* [Entries supplied]:

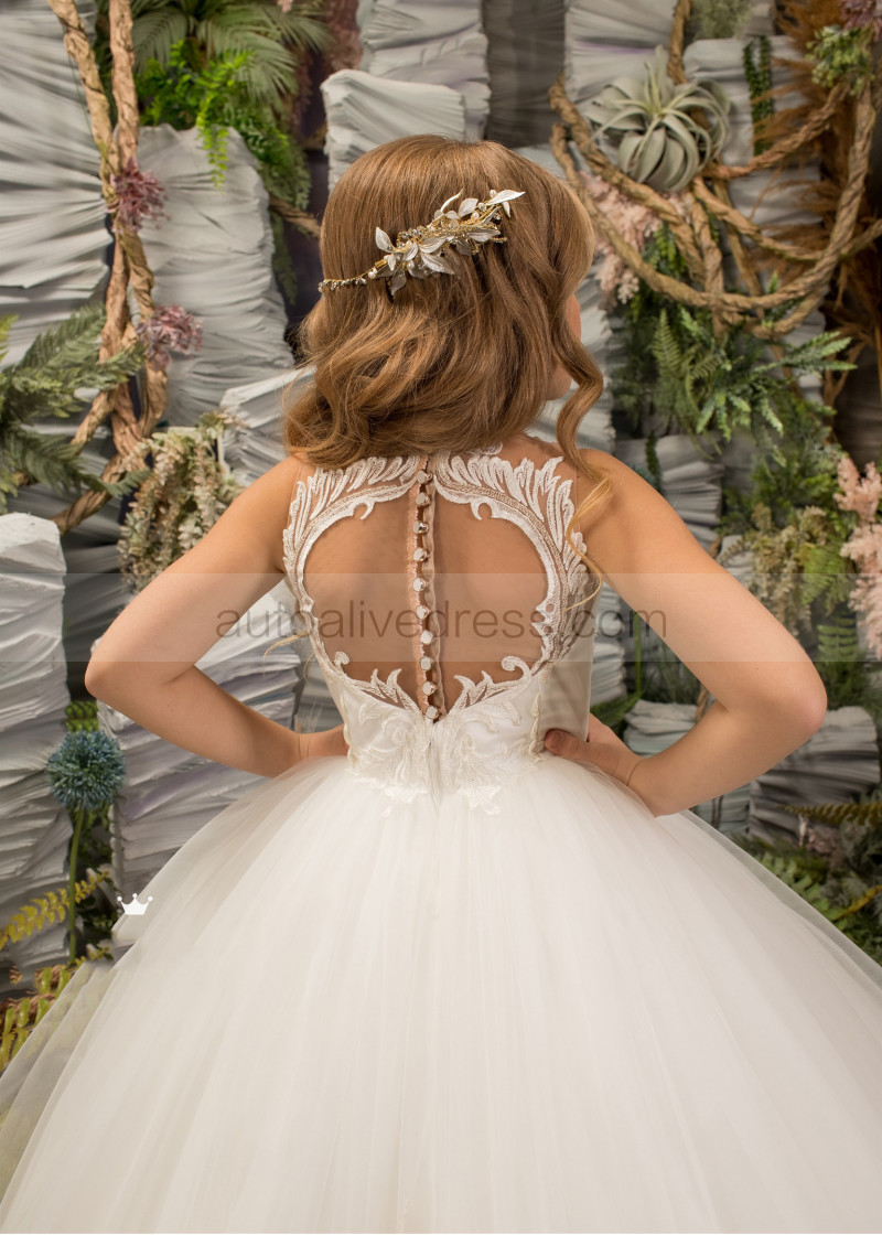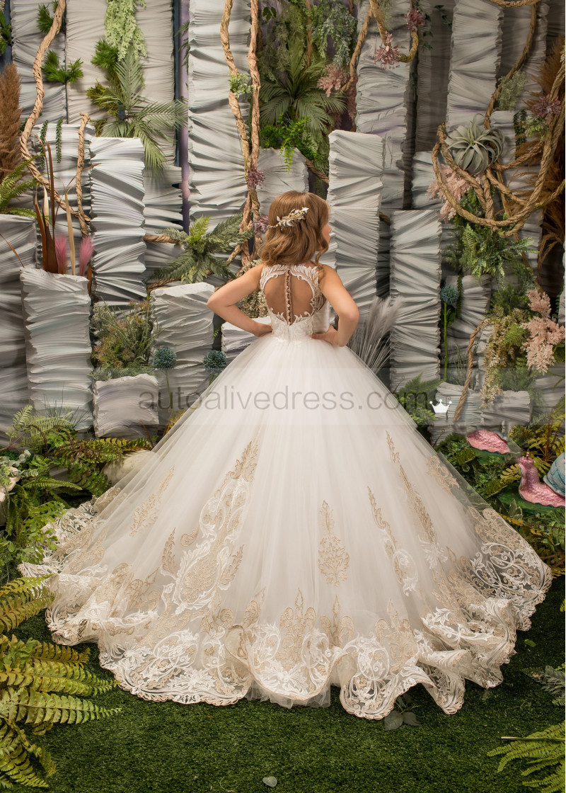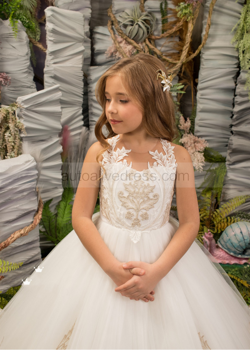 Gold Lace Ivory Tulle Floor Length Flower Girl Dress
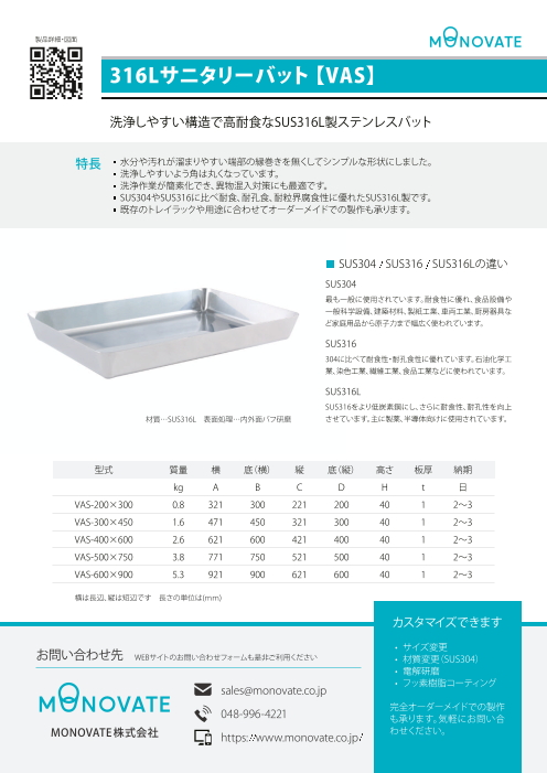 洗浄時間の短縮や異物混入対策に最適なステンレスバット 高耐食のSUS316L製です。 ○水分や汚れが溜まりやすい端部の縁巻きを無くしてシンプルな形状にしました。 ○洗浄しやすいよう角は丸くなっています。 ○洗浄作業が簡素化でき、異物混入対策...
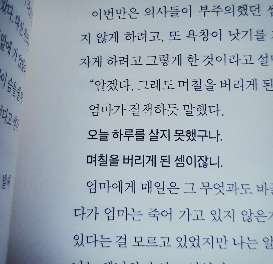 특히 이 책은 엄마의 마지막과 나의 모습을 그려볼 수 있어서 몰입감이 있었다.
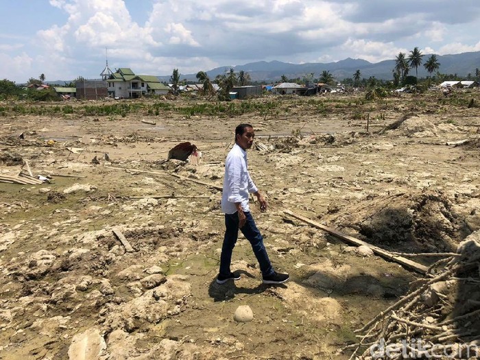 Pandangan Jokowi menyapu luasnya permukiman yang luluh lantak itu. Pantauan detikcom, bangunan yang rata dengan tanah itu tertimbun lumpur yang mulai mengeras.
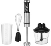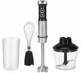 Тип: погружной. Мощность: 1200. Количество скоростей/режимов: 20. Объем чаши: 0.6. Материал погружной части: нержавеющая сталь. Материал чаши: пластик. Электропитание: от сети. Материал ножей: нержавеющая сталь. Мойка в посудомоечной машине: да, можно мыть съемные части. Длина сетевого шнура: 1. Вес товара: 1.33. Габариты упаковки (ед) ДхШхВ: 0.24x0.14x0.24. Вес упаковки (ед): 1.66. Страна производства: Китай. Гарантия: 12 мес.. Размеры (ШхВхГ): 55 х 404 х 55 мм. Цвет: серебристый/черный. Системы защиты: защита от перегрузки (автоматический предохранитель). Функциональные особенности: измельчение твердых продуктов, плавное изменение скорости, регулировка скорости вращения, режим Турбо, функция взбивания. Материал корпуса: металл, пластик. Емкости в комплекте: измельчитель, мерный стакан. Конструктивные особенности: подсветка панели управления. Материал погружной части: нержавеющая сталь. Количество скоростей/режимов: 20. Системы защиты: защита от перегрузки (автоматический предохранитель). Чаша: 0.6 л, пласти
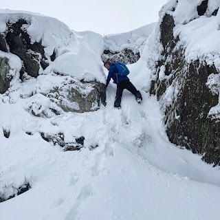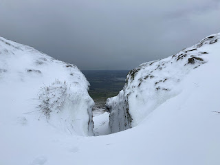 To keep in the lee of the wind, we traversed under the northern slopes of Moel Wnion, where we discovered this little entrance to an old disused quarry. The wind had packed it full of snow inside, turning it into a miniature winter wonderland.
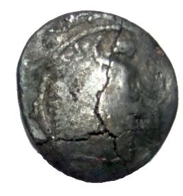 | Description / विवरण | Circular silver Roman coin with horizontal cut mark. Obverse Laureate head to right, V Ti Caesar DIVI XI Aug F Augustus.orizontal cut mark. Reverse Livia seated to right on a chair holding inverted spear, IV pontiff X Maxim. |

* [What the task asks]: Could you transcribe exactly the lines from the start of the records through the line containing "특히 이 책은 엄마의 마지막과 나의 모습을 그려볼 수 있어서 몰입감이 있었다.", both ends included, leaving the pictures out?

* [Solution to this problem]:
 Gold Lace Ivory Tulle Floor Length Flower Girl Dress
 洗浄時間の短縮や異物混入対策に最適なステンレスバット 高耐食のSUS316L製です。 ○水分や汚れが溜まりやすい端部の縁巻きを無くしてシンプルな形状にしました。 ○洗浄しやすいよう角は丸くなっています。 ○洗浄作業が簡素化でき、異物混入対策...
 특히 이 책은 엄마의 마지막과 나의 모습을 그려볼 수 있어서 몰입감이 있었다.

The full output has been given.